Re: bufferlist appenders

Mark Nelson <mnelson@xxxxxxxxxx> · Sun, 14 Aug 2016 08:06:52 -0500

On 08/13/2016 04:31 PM, Sage Weil wrote:
On Fri, 12 Aug 2016, Allen Samuels wrote:

-----Original Message-----
From: ceph-devel-owner@xxxxxxxxxxxxxxx [mailto:ceph-devel-
owner@xxxxxxxxxxxxxxx] On Behalf Of Sage Weil
Sent: Friday, August 12, 2016 7:27 AM
To: ceph-devel@xxxxxxxxxxxxxxx
Subject: bufferlist appenders

A ton of time is the encoding/marshalling is spent doing bufferlist appends.
This is partly because the buffer code is doing lots of sanity range checks, and
party because there are multiple layers that get range checks and length
updates (bufferlist _len changes, and bufferlist::append_buffer (a ptr) gets
it's length updated, at the very least).

To simplify and speed this up, I propose an 'appender' concept/type that is
used for doing appends in a more efficient way.  It would be used like so:

 bufferlist bl;
 {
   bufferlist::safe_appender a = bl.get_safe_appender();
   ::encode(foo, a);
 }

or

 {
   bufferlist::unsafe_appender a = bl.get_unsafe_appender(1024);
   ::encode(foo, a);
 }

The appender keeps its own bufferptr that it copies data into.  The bufferptr
isn't given to the bufferlist until the appender is destroyed (or flush() is called
explicitly).  This means that appends are generally just a memcpy and a
position pointer addition.  In the safe_appender case, we also do a range
change and allocate a new buffer if necessary.  In the unsafe_appender case,
it is the callers responsibility to say how big a buffer is preallocated.

I have a simple prototype here:

	https://github.com/ceph/ceph/pull/10700

It appears to be almost 10x faster when encoding a uint64_t in a loop!

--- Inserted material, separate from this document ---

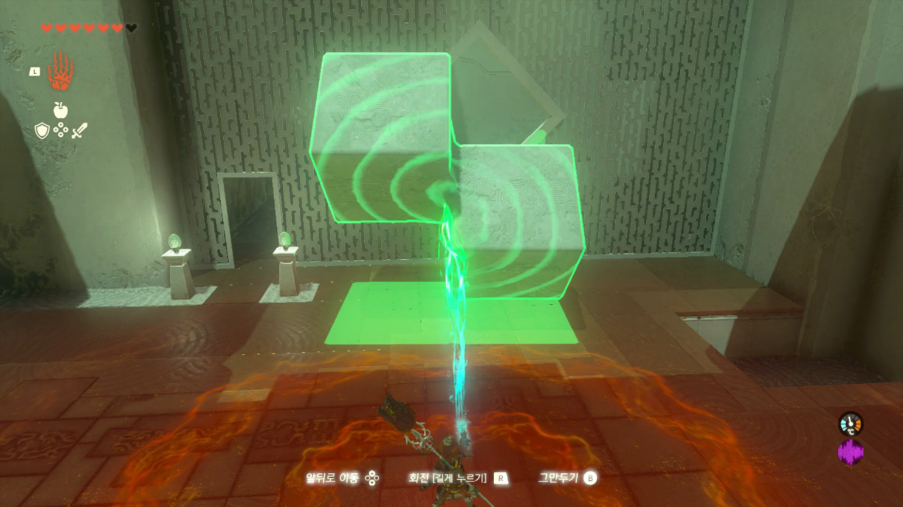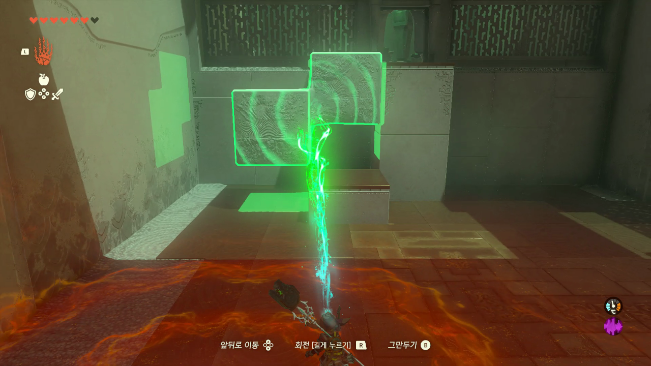 왼쪽으로 가서 블록을 X 모양으로 만들어서 빼낸다

[ RUN      ] BufferList.appender_bench
appending 1073741824 bytes
buffer::list::append 20.285963
buffer::list encode 19.719120
buffer::list::safe_appender::append 2.588926
buffer::list::safe_appender::append_v 2.837026 buffer::list::safe_appender
encode 3.000614 buffer::list::unsafe_appender::append 2.452116
buffer::list::unsafe_appender::append_v 2.553745
buffer::list::unsafe_appender encode 2.200110
[       OK ] BufferList.appender_bench (55637 ms)

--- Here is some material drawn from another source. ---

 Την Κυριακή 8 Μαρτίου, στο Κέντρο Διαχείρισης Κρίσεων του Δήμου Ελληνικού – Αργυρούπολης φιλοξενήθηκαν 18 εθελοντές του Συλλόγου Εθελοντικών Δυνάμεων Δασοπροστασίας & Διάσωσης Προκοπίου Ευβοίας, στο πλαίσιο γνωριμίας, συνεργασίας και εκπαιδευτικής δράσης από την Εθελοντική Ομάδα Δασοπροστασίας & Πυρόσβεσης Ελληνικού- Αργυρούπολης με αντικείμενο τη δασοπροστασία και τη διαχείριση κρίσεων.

Interesting, unsafe isn't much faster than safe.  I suspect the CPU's branch
prediction is just working really well there?

Yes it looks like it is. But this is a bit of a contrived case because
you're timing this code which is 100% in the L1 cache, which might not
be a good model. How bad does it get if the loop is unrolled enough
times to fall out of the L1 cache but still in the L2 cache (which might
be as pessimistic a simulation as the original code is optimistic).

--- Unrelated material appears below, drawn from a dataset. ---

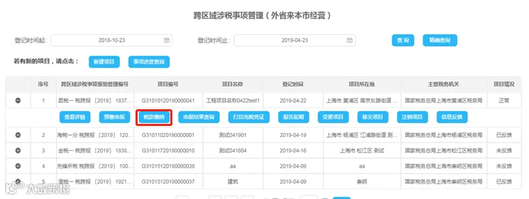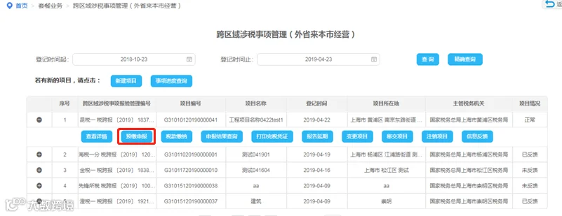 跨区域涉税事项套餐上线后,外省市企业的存量项目因无法在套餐内显示,导致无法进行预缴申报等事项的申请。因此,在电子税务局套餐中开发了“老项目绑定”功能,自然人登录电子税务局后,进入跨区域涉税事项套餐(外省市来本市)模块,可点击“项目绑定”,输入税号,即可查询出该企业在上海市做过报验登记的项目,确认绑定后,可对该项目进行管理。

I updated the test to pick a random point in a big array and then encode
16 items inline/unrolled in the hopes that this would avoid just hammering
L1.  It does mean that the 16 contiguous items will probably all get
fetched together (or have the fetch pipelined), but I think that's
probably pretty realistic.

The test also went through several other revisions and refinements
yesterday with Igor's review.  Here's the result now:

[ RUN      ] BufferList.appender_bench
appending 268435456 uint64_t's
buffer::list::append 7.142146
buffer::list encode 7.968760
buffer::list::safe_appender::append 3.506399
buffer::list::safe_appender::append (reserve 16) 2.291478
buffer::list::safe_appender::append_v 3.673429
buffer::list::safe_appender::append_v (reserve 16) 2.291800
buffer::list::safe_appender encode 3.673988
buffer::list::unsafe_appender::append 1.766341
buffer::list::unsafe_appender::append_v 1.748361
buffer::list::unsafe_appender encode 1.746126
[       OK ] BufferList.appender_bench (36340 ms)

which looks much more like what I would expect to see.  The 'reserve 16'
cases are doing a single bounds check and then doing 16 unsafe appends.
Bottom line is that doing the limited bounds checks gets you most of the
way to totally unguarded, but not all the way.  And no guards is
definitely faster (roughly 2x faster than a guard for every word).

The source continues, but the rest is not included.